Version: Start with version 3.4.14 and compare with version 3.5.5

Client Management

The ZK server interacts with the client over a TCP long connection. The ZK server can enable the TCP Server in either of the following ways:

  1. Based on Netty implementationNIOServerCnxnFactory
  2. Implemented based on Java native NIONIOServerCnxnFactory

Note that ServerCnxnFactory is only used for client connection management and has no relation to the interaction between other servers. The default mode is used online, that is, NIOServerCnxnFactory mode, so next mainly to analyze NIOServerCnxnFactory mode prevail

Before we talk about connection management, let’s look at thread management in NIOServerCnxnFactory: which threads are used to process connection requests, which requests are used to process read and write requests, how many Selector threads are opened, and so on. Since the exact number of threads is related to the number of CPU cores by default, we assume the number of CPU cores is 8:

  1. Connection request: corresponding1Two threads, i.eAcceptThread, the thread will hold a separateSelector. If you receiveConnection request, will correspond to the requestSocketChannelPushed to theBlocking queues in SelectorThreadAnd then the logic goesSelectorThreadTo deal with
  2. SelectorThread: The number of threads issqrt(numCores/2)So there are two of themSelectorThreadThreads, one for eachSelector. This thread has two functions, one is processingAcceptThreadPushed inConnection requestAnd encapsulate it intoNIOServerCnxnObject maintained in the Map cache; Another function is receptionRead and write requests, and then encapsulates the read and write request intoIOWorkRequestObject, and finally submitted toioWorkersThread pool, which just receives THE I/O requests and quickly submits them toioWorkersThread pool, the specific business logic byioWorkersThread pool processing, so this process is also very fast
  3. ioWorkers: The number of threads isnumCores*2, so the number of threads is 16. This thread pool is used for processingSelectorThreadA thread submits multiple IO tasks, i.e. specific business logic. The default thread pool type isExecutors.newFixedThreadPool.NIOServerCnxnthroughSelectionKey#attachmentpass
  4. ConnectionExpirerThread: Number of threads 1, corresponding to the figureClearThread, which is used to clean up connections that have expiredExpiryQueueData, there is an introduction to the data structure, referenceSession managementchapter

NIOServerCnxnFactory: NIOServerCnxnFactory: NIOServerCnxnFactory: NIOServerCnxnFactory: NIOServerCnxnFactory: NIOServerCnxnFactory As mentioned briefly, it is encapsulated as a NIOServerCnxn object

  1. NIOServerCnxn: can be thought of as an abstraction of the client connection.
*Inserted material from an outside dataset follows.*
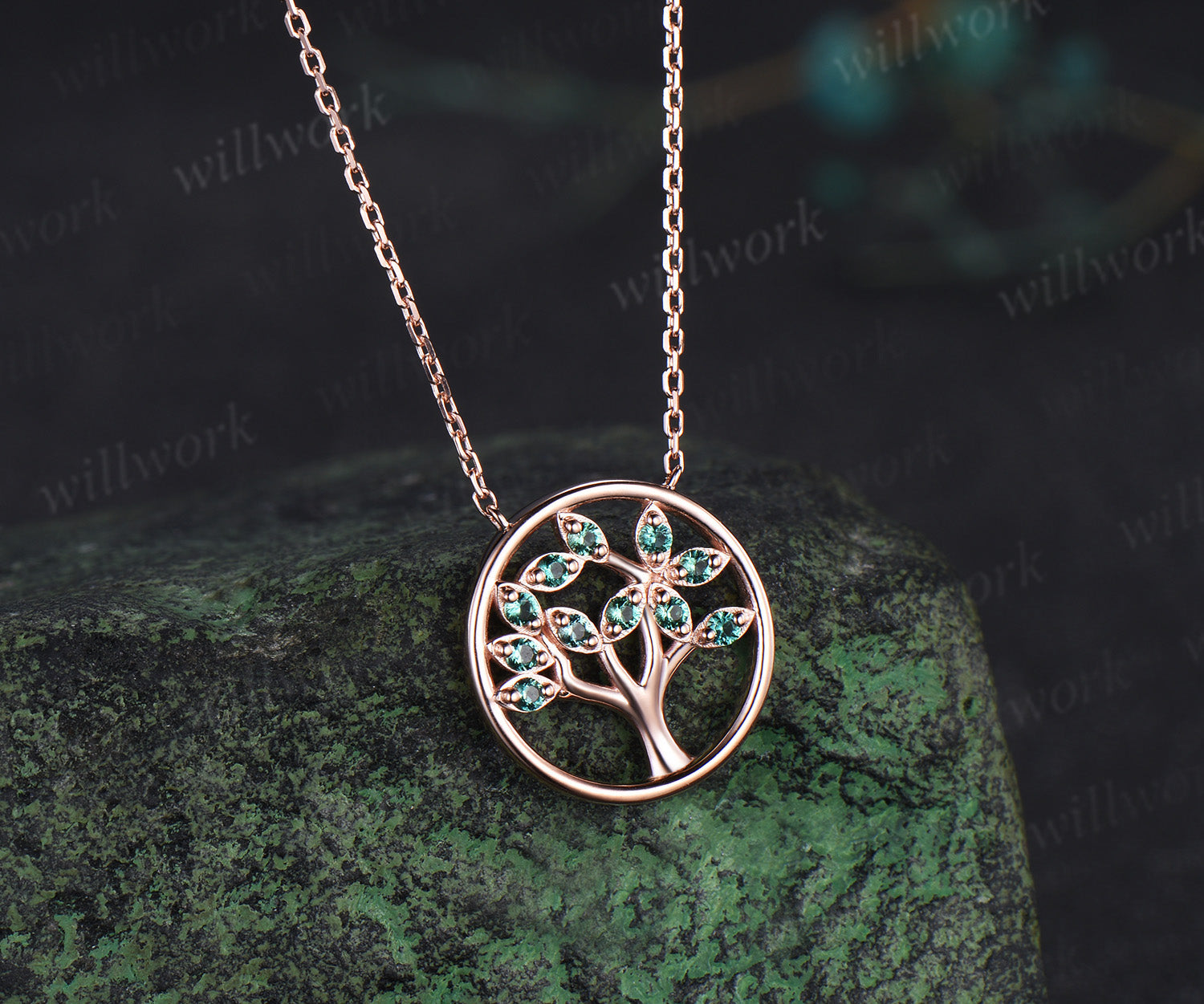 Round Emerald Family Tree Pendant Necklace Leaf Shape Milgrain Green Gemstone Pendant Jewelry Round Emerald Family Tree Pendant Necklace Leaf Shape Milgrain Green Gemstone Pendant Jewelry $256.00

Some of the client request processing that will be covered later is related to this object
  2. ipMapTo:The client IP address is key and NIOServerCnxns is valueThe hash table. A ZK client can establish multiple long connections with the server. The server limits the number of connections to each ZK client. The default value is yes60
  3. cnxns:NIOServerCnxnSet Set, used primarily for4 word order

Session management

  1. This parameter is involved when the client makes the first I/O requestNIOServerCnxnInitialization of an object, that is, executionNIOServerCnxn#readConnectRequestmethods
  2. Because this is the first IO request, the client and server only establish a TCP long connectionSession, so one will be created for the client in this methodSessionImplObjects, that is,ZooKeeperServer#createSessionmethods
  3. Continue to performSessionTracker#createSessionMethod that will be createdSessionObject maintenance toSessionTrackerImplIn the cache, and return asessionIdAnd then the client will bring it with it every time it requests itsessionId. In clustered mode, you also need to synchronize this Session to other server nodes, which is more complicated, but we’ll look at that later
  4. Will create thesessionIdMaintenance toNIOServerCnxnIn the object
  5. NIOServerCnxnThe object is initialized and then an IO request is receivedNIOServerCnxn#readRequestMethod, and then callZooKeeperServer#processPacket => ZooKeeperServer#submitRequestMethods. This method is called firstZooKeeperServer#touchMethods,SessionTrackerImplUpdate the active time of the session in. An error is reported if the session has expired. Then hand over the requestZooKeeperServerBusiness logic chain for processing

How are Sessions maintained in SessionTrackerImpl? How does it know which Session expires and which Session doesn’t expire?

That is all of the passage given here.